Яромир встал у входа, чтобы смотреть, как Девонна разливает по склянкам готовый отвар. Чудесное появление Джахира в Даргороде напомнило ему о былых скитаниях. Он представил, как был один в путах дорог и еще не знал, что небожительница скоро явится ему в заброшенном храме, оставит на алтаре вина и медвяного на вкус хлеба, заговорит сочувственными словами.

– Девонна, помнишь хлеб и вино? – спросил Яромир, улыбнувшись. – Я как вспомню их, то сыт и никакого горя на душе нет.

Вестница, улыбаясь, расставила по местам зельницы.

Яромир стоял у входа в покойчик, с густой сединой в волосах, с простодушной радостью на лице. Он вспоминал, как когда-то был потерявшим себя бродягой и, казалось, совсем недавно, – даже безымянным дубровником, диким лесным существом, не говорящем о себе «я». Ему чудилось, даже имя, простое человеческое имя дала ему Девонна.

Она подошла к нему, тихо и ласково засмеялась:

– Что же ты на меня так смотришь? Даже у Шалого не такие грустные глаза.

«Разве грустные?» – не поверил Яромир.

Вестница опустила его голову на свое плечо, прижавшись щекой к волосам. Ее охватило тихое сияние, в свете которого его поседевшие волосы стали золотистыми. Потолок каморки был низким, и пучки трав повсюду свисали со стены.

Каменная ящерка – Малый Гриборкен – неподвижно лежала на краю лавки, свернувшись кольцом. Блики сияния отражались в ее гранитном боку.

Яромир пришел рассказать Девонне, что он задумал с письмом королю вардов. Ему нужен был совет небожительницы. Девонна писала лучше и грамотнее, чем он. Муж с женой уселись за стол с чернильницей и бумагой.


На другой день с помощью своей луженой глотки Яромир докричался до стана вардов со стены.

– Король Hep! Давай встретимся на открытом месте. У нас в плену лорд Эймер.

К воротам подъехал гонец. Яромир повторил, что отпускает пленника и передает с ним письмо королю.

– Пусть король Hep потом съедется со мной между вашим станом и нашей стеной, – добавил он. – А если не хочет со мной, потому что верит, будто я колдун, пускай пошлет доверенного человека, а я пошлю воеводу Твердисла… – Яромир осекся, опустил взгляд. – Ну, и я доверенного человека пошлю.

Он спустился со стены, хмурясь и досадуя на себя за оговорку. Яромир уже не раз ловил себя на том, что думает: «Об этом надо сказать Колояру». Или: «С этим-то разберется Колояр» Он постоянно забывал, что бывшего каменщика с Витрицы, даргородского воеводы больше нет.
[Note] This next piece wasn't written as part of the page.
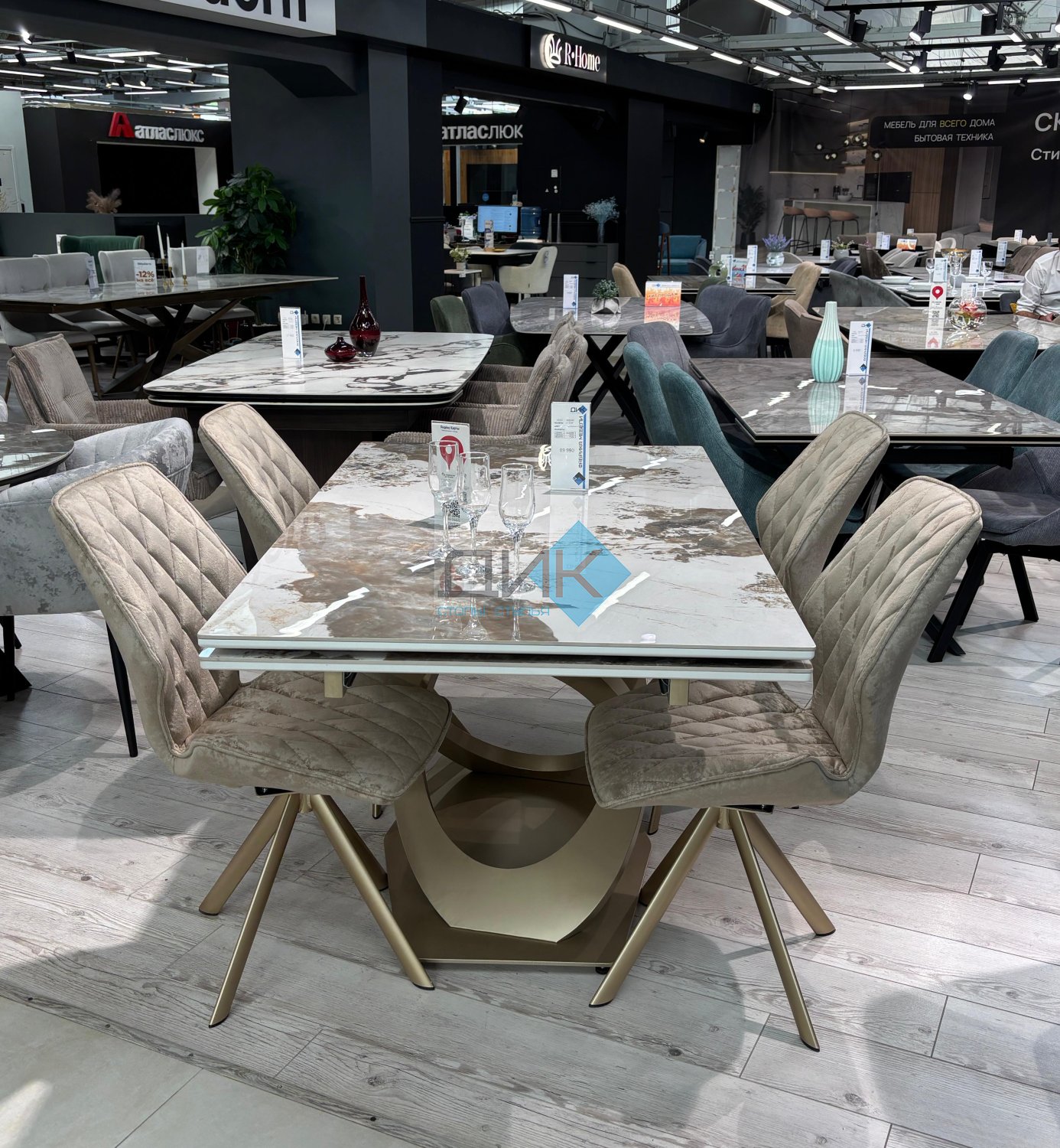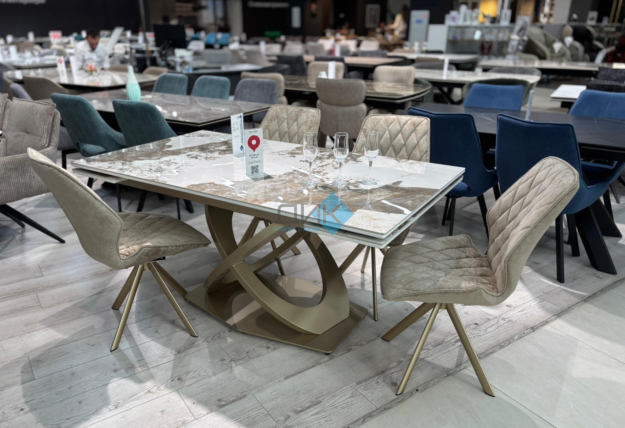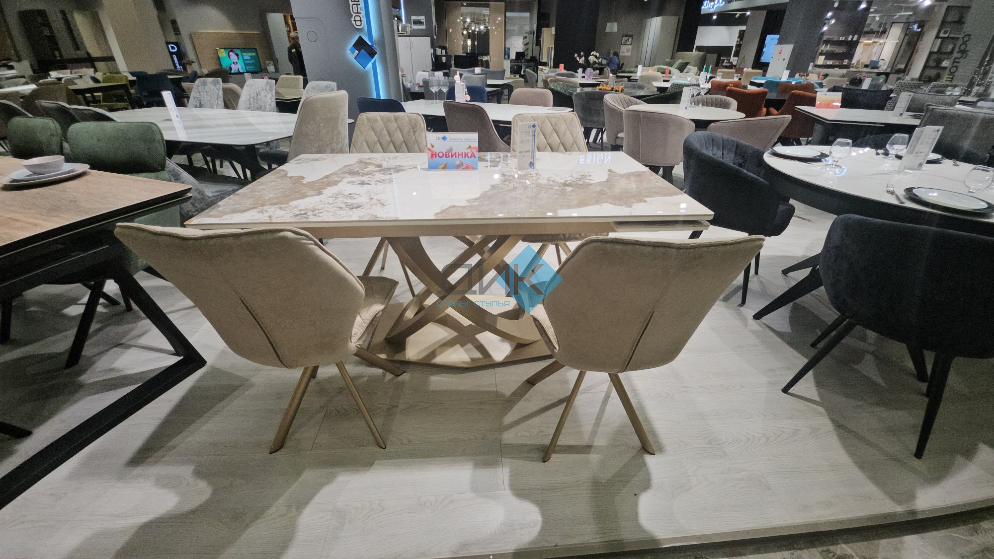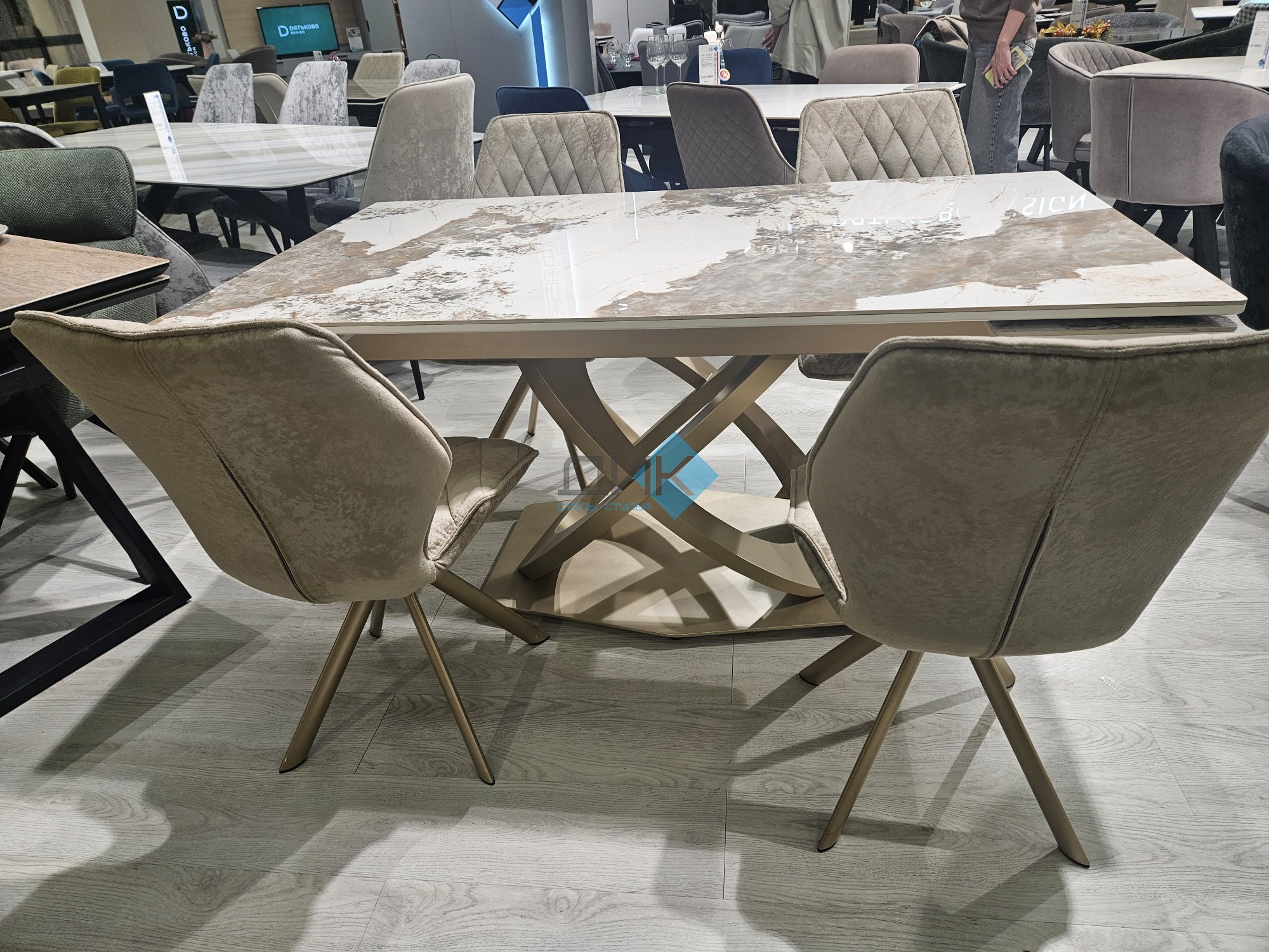 Стол на дизайнерской центральной опоре в цвете "под золото".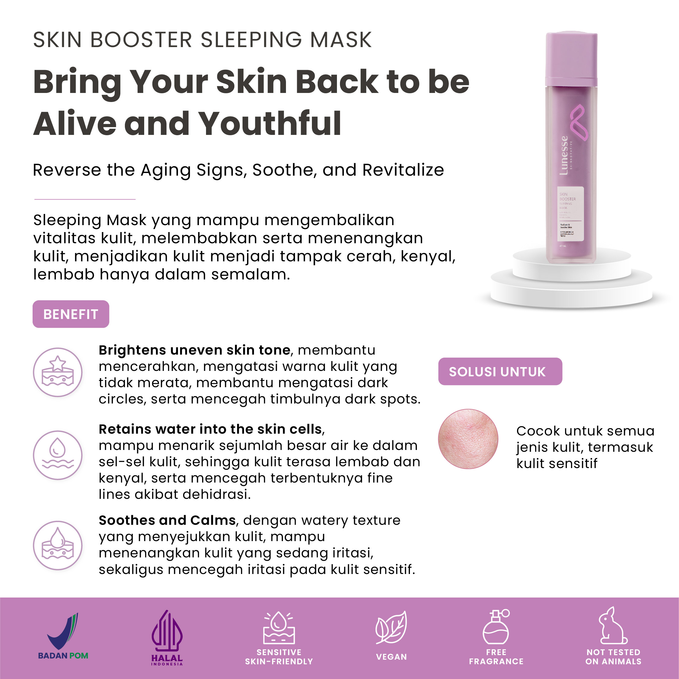 Ke-3 bahan aktif tersebut ada di produk Lunesse Skin Booster Sleeping Mask, masker wajah overnight (tanpa bilas) yang bertekstur gel, mudan meresap dan tidak lengket. Membantu meratakan warna kulit, mencerahkan, melembabkan, dan menenangkan kulit.

Но теперь у Яромира впервые сорвалось его имя вслух – как о живом.

Тела Колояра и дружинников, сражавшихся рядом с ним, до сих пор лежали в завале возле бреши в стене и защищали собой Даргород. Класть стену заново в виду неприятельского стана было нельзя. Поэтому защитники просто укрепили завал и набросали его повыше.

Лорда Эймера вывели за ворота. Этого Яромир уже не видел, только знал, что по его приказу это делается сейчас. Скоро король Неэр получит письмо князя Севера с предложением короткого перемирия и открытого смертельного боя.


Князь Кресислав лечил свою рану, лежа в трактире в горнице, где жил до осады. Он был ранен нетяжело, но, пока лежал без помощи среди убитых жезлоносцами хельдов, потерял много крови. За Кресом присматривал его стремянный и побратим. Ивор рассказал, как отвез его матери весточку.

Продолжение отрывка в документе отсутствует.